DATASET EXCERPTS:
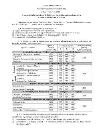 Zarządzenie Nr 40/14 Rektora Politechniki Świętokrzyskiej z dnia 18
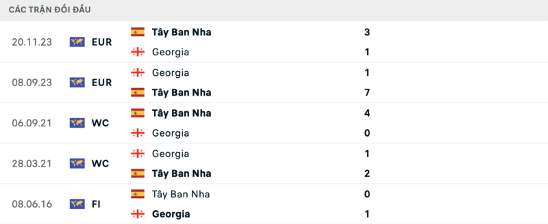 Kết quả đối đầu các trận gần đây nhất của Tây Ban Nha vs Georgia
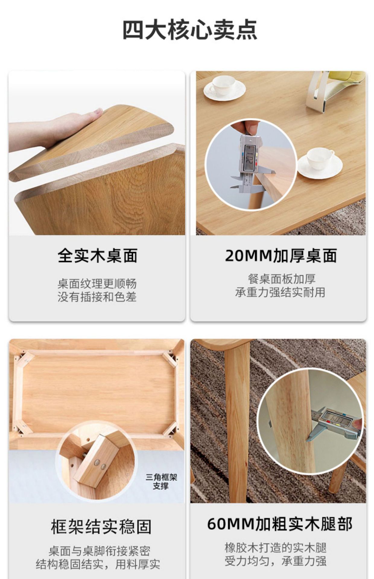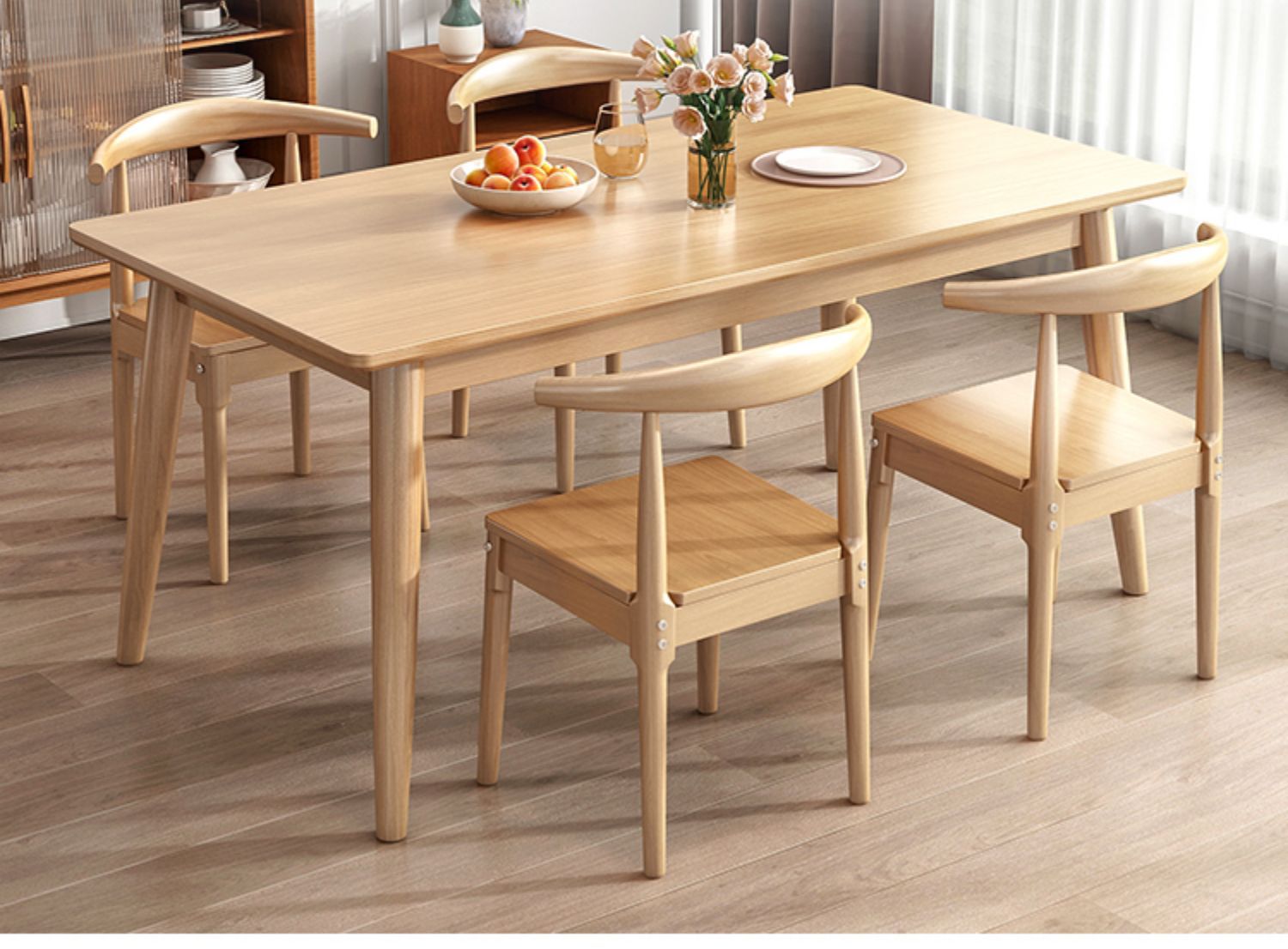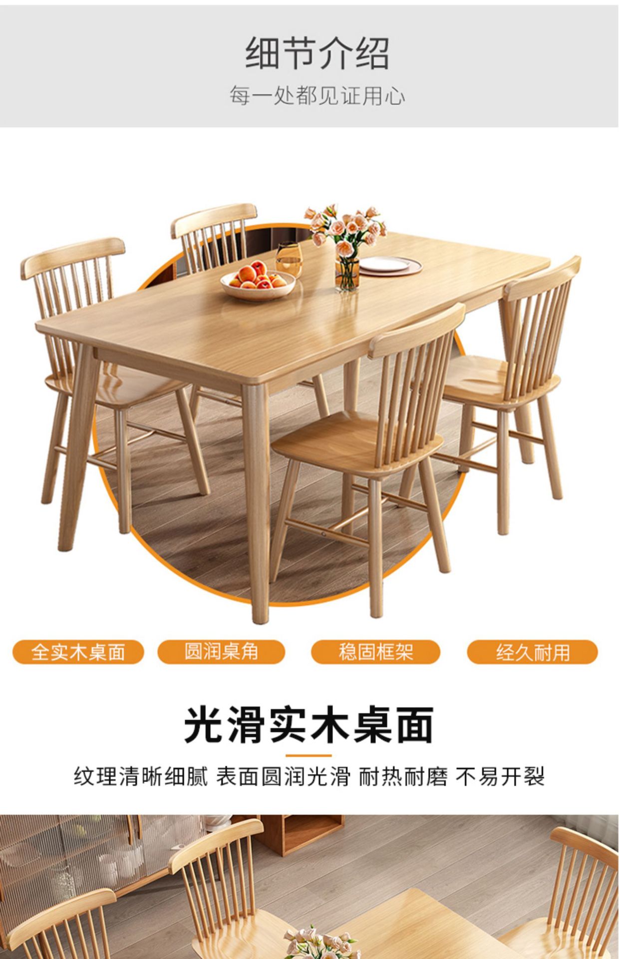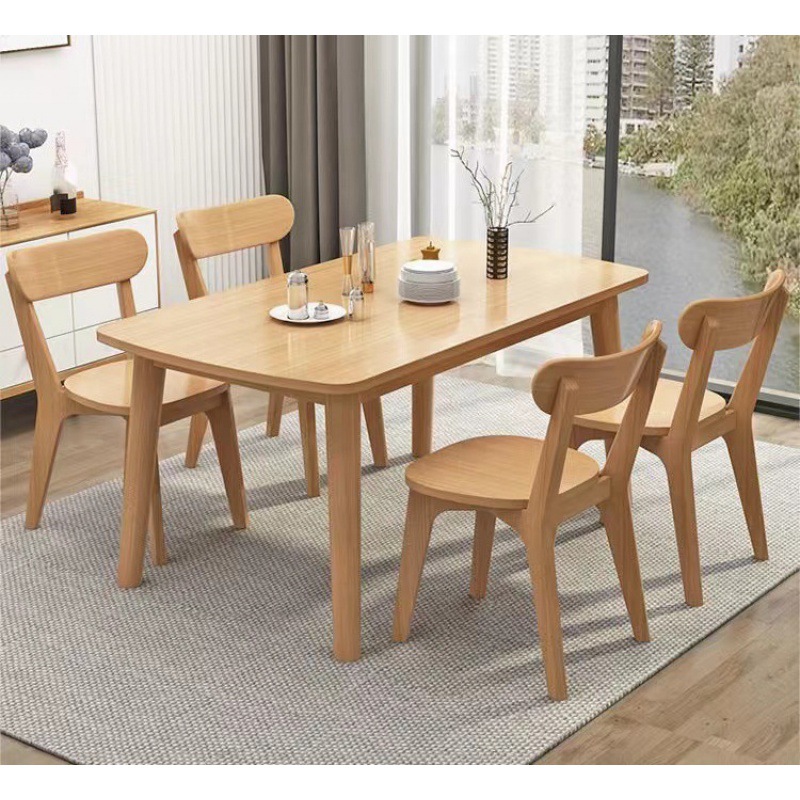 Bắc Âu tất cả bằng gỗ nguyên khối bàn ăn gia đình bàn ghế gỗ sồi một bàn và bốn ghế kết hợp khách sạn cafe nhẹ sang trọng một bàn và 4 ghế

==

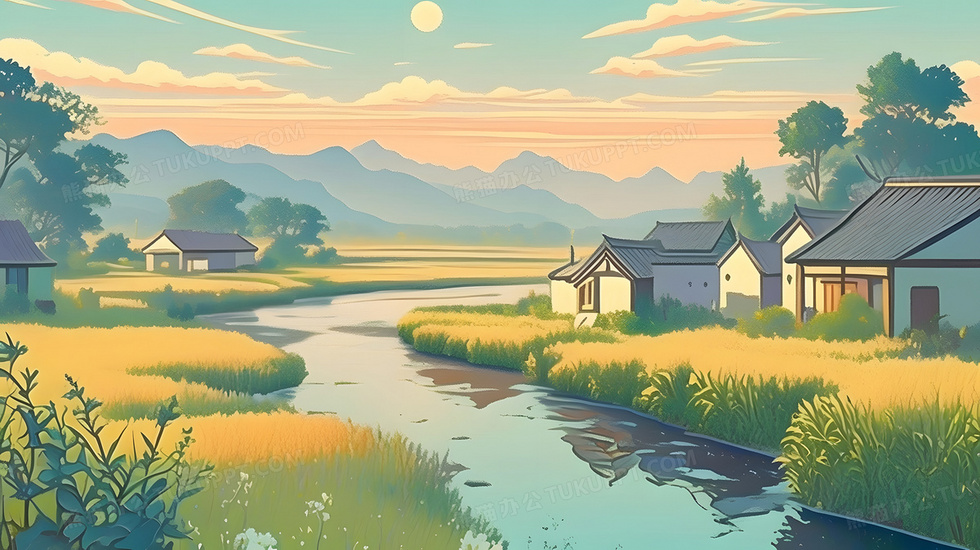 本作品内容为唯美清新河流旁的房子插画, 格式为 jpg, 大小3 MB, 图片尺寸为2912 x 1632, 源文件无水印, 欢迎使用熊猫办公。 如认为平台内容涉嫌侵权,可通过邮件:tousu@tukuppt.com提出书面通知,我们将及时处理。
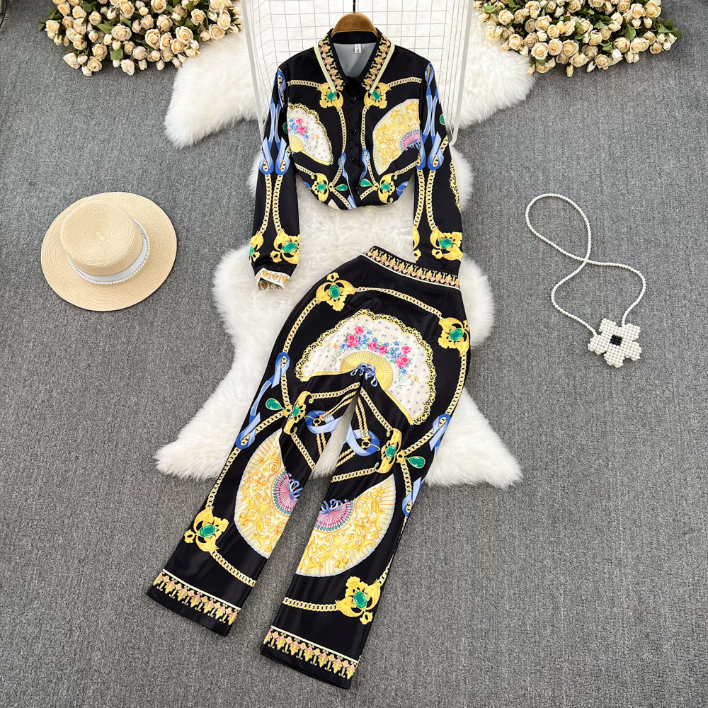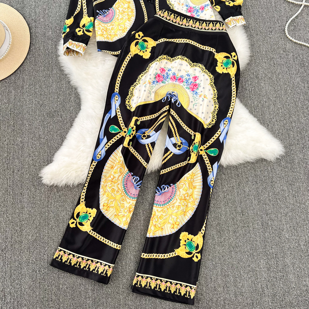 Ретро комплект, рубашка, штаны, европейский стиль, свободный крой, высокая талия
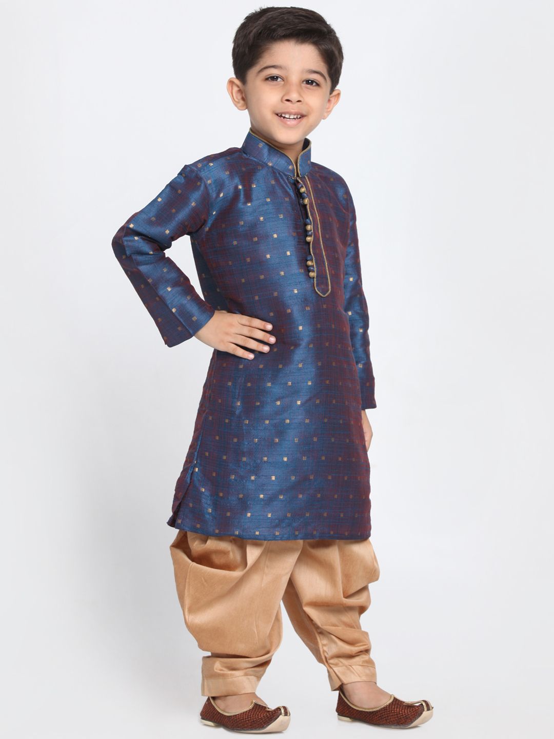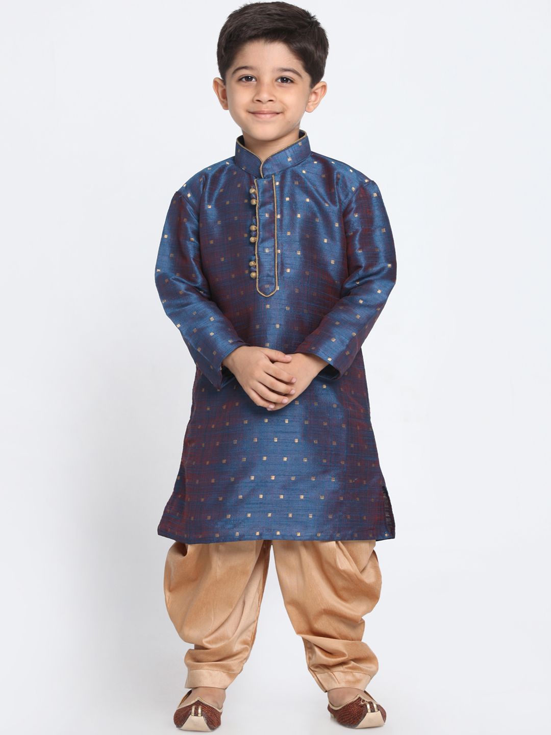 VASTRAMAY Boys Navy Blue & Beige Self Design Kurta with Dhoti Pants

WHAT TO PRODUCE:
Among the records above, locate the line containing "本作品内容为唯美清新河流旁的房子插画, 格式为 jpg, 大小3" and the line containing "VASTRAMAY Boys Navy", then transcribe exactly the lines starting at the first and ending at the second, with no pictures.

SOLUTION FOR THIS PROBLEM:
 本作品内容为唯美清新河流旁的房子插画, 格式为 jpg, 大小3 MB, 图片尺寸为2912 x 1632, 源文件无水印, 欢迎使用熊猫办公。 如认为平台内容涉嫌侵权,可通过邮件:tousu@tukuppt.com提出书面通知,我们将及时处理。
 Ретро комплект, рубашка, штаны, европейский стиль, свободный крой, высокая талия
 VASTRAMAY Boys Navy Blue & Beige Self Design Kurta with Dhoti Pants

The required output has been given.